Molecular spintronics is an emerging field that combines molecular electronics, i.e. electronics using individual molecules as functional building blocks, and spintronics, i.e. electronics utilizing the spin degree of freedom of electrons in transport.
Firstly, we demonstrate that with the help of spin-polarized Scanning Tunneling Microscopy (Sp-STM) the spin transport across single organic molecules can be investigated and a molecular GMR junction can be realized. For this, single hydrogen phthalocyanine molecules were contacted by two ferromagnetic electrodes, i.e. a magnetic substrate and a magnetic STM tip. As substrate, ferromagnetic Co nano-islands grown Cu(111) were used, onto which the molecules were deposited. The magnetic state of the islands was determined by Sp-STM with Co tips. Then, the tip of the STM was approached in a controlled way towards a single molecule to contact the molecule. Below 0.4 nm distance, an attractive interaction between the tip and the molecule leads to a jump to contact of one of the side groups of the molecule and to a well defined molecular junction. Through the contacted molecule a GMR of 60% was observed which is one order of magnitude larger than the magnetoresistance without the molecule. This is explained on basis of ab initio calculations showing a selective hybridization of the molecular states with minority states of the electrodes in combination with off resonance transport [1].
Secondly, one of the electrodes has been replaced by an antiferromagnet (bct Mn films on Fe(001)) forming an ideally hard magnetic layer. Due to the local character of the hybridization with the molecular states, a significant but negative magnetoresistance of -50% can be observed [2]. The negative magnetoresistance is due to resonance transport across the molecule.

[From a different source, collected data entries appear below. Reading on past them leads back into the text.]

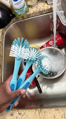 - Set Of Three Dish Brushes: Combines the longer-length design of a brush with durable nylon bristles to keep your glasses, bottles, cups, plates, bowls, pots, pans, and more clean and spotless
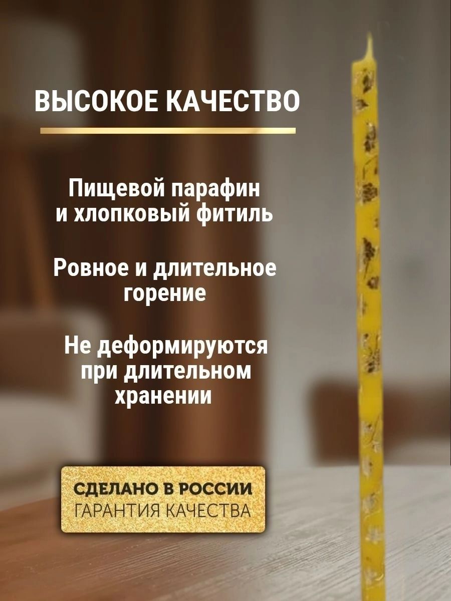 Свечи праздничные №20/40 (уп 25шт), ЖЕЛТЫЕ (Золотая лоза)
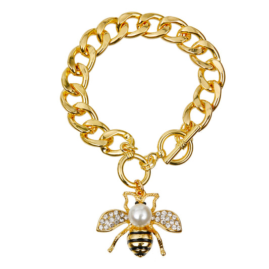 Designer Style Rhinestone Bee Toggle Bracelet with Pearl Detail
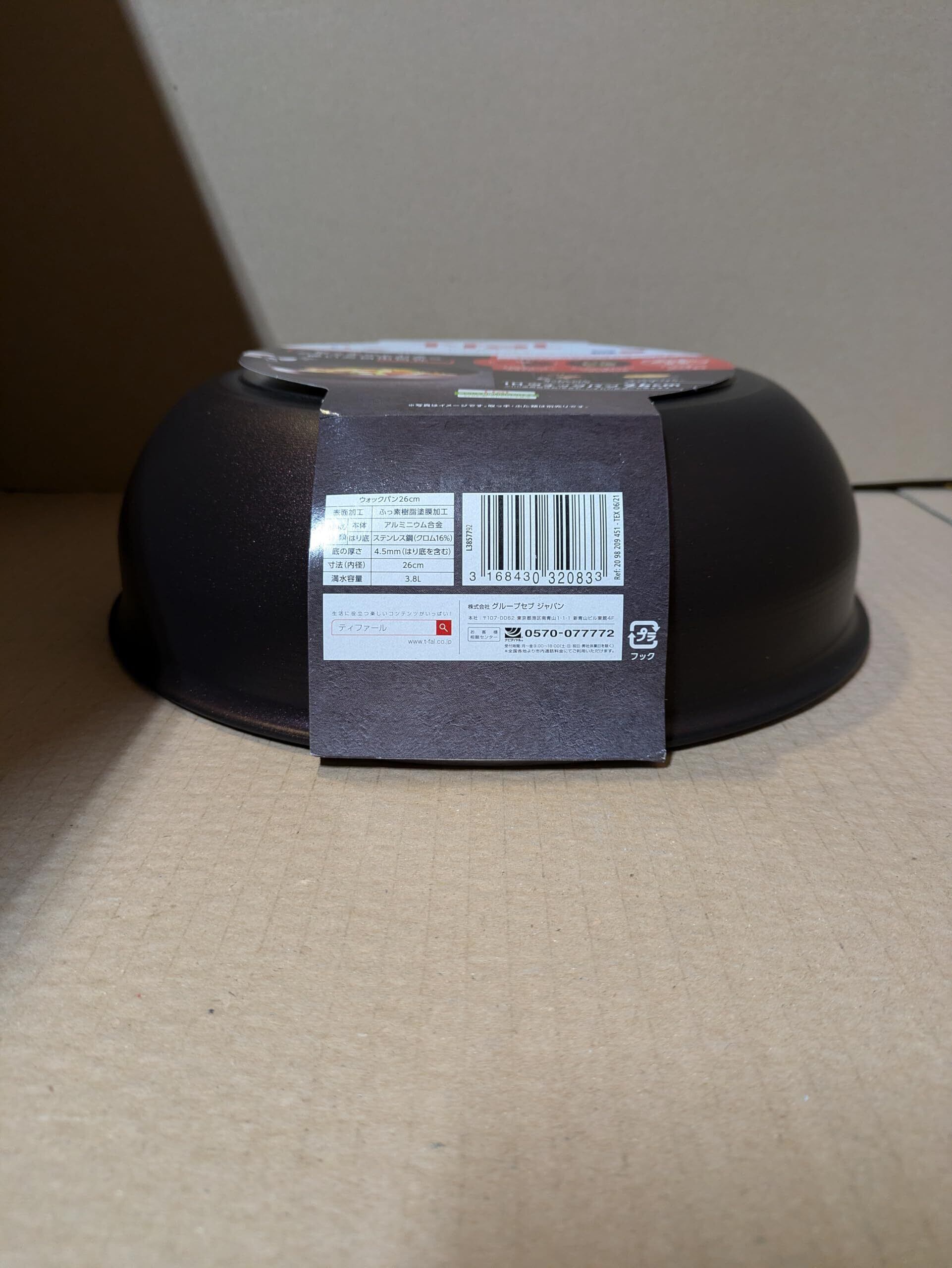 日本正規品は、品質表示・取扱説明書が印刷されたティファールの台紙で梱包されています
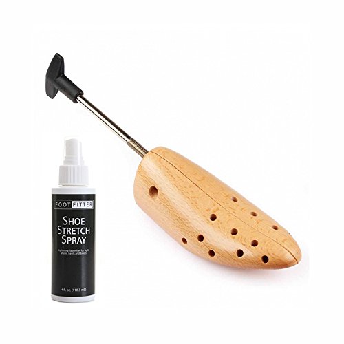 Product Description The FootFitter® Premium Professional One-Way Shoe Stretcher transforms any pair of tight shoes for men or women into perfectly fitting, comfortable shoes. No more breaking-in of new shoes. The FootFitter® Premium Professional One-Way Shoe Stretcher can help you with many foot problems and with foot pain caused by tight shoes. With the FootFitter® Premium Professional One-Way Shoe Stretcher you can widen the shoe in oppressive places. The FootFitter® Premium Professional One-Way Shoe Stretcher can be used for the right and the left shoe. It is a simple and easy way to make tight or oppressive shoes for men and women fit comfortably. The FootFitter® Premium Professional One-Way Shoe Stretcher is characterized by excellent quality. The front section is made of high polished beech wood, and all its mechanical parts are constructed from stainless steel with nickel plating. The use of these premium materials guarantees extraordinary durability. The FootFitter® Premium Professional One-Way Shoe Stretcher is manufactured in compliance with high-standard German quality requirements, so you will be able to enjoy this product for a very long time. Easy handling makes the FootFitter® Premium Professional One-Way Shoe Stretcher the ideal tool for do-it-yourself shoe stretching. The FootFitter® Premium Professional One-Way Shoe Stretcher is available in 3 different sizes for women and in 4 different sizes for men. It comes with three corn pieces, which differ in size. The front section of the FootFitter® Premium Professional One-Way Shoe Stretcher is equipped with fourteen holes into which the corn pieces can be fitted. This allows you to widen your shoe exactly in those areas where the pressure points are located. 0

Finally, we show that combined spin and conduction switching functionality can be realized on the level of individual molecules. Spin crossover molecules are known to be switchable between a high- and a low-spin state by external stimuli. We demonstrate that the spin and conductance of Fe based spin crossover molecules can reversibly and reproducibly be switched electrically, if the individual molecule is decoupled from a metallic substrate by a thin insulating layer. Thus, a digital spin memory can be realized with one bit per molecule [3].

[1] S. Schmaus, A. Bagrets, Y. Nahas, T.K. Yamada, A. Bork, M. Bowen, E. Beaurepaire, F. Evers, W. Wulfhekel, Nature Nanotechnology 6, 185 (2011).
[2] A. Bagrets, S. Schmaus, A. Jaafar, D. Kramczynski, T.K. Yamada, M. Alouani, W. Wulfhekel, F. Evers, submitted to Nanoletters.
[3] T. Miyamachi, M. Gruber, V. Davesne, M. Bowen, S. Boukari, L. Joly, F. Scheurer, G. Rogez, T.K. Yamada, P. Ohresser, E. Baeurepaire, W. Wulfhekel, Nature Communications accepted..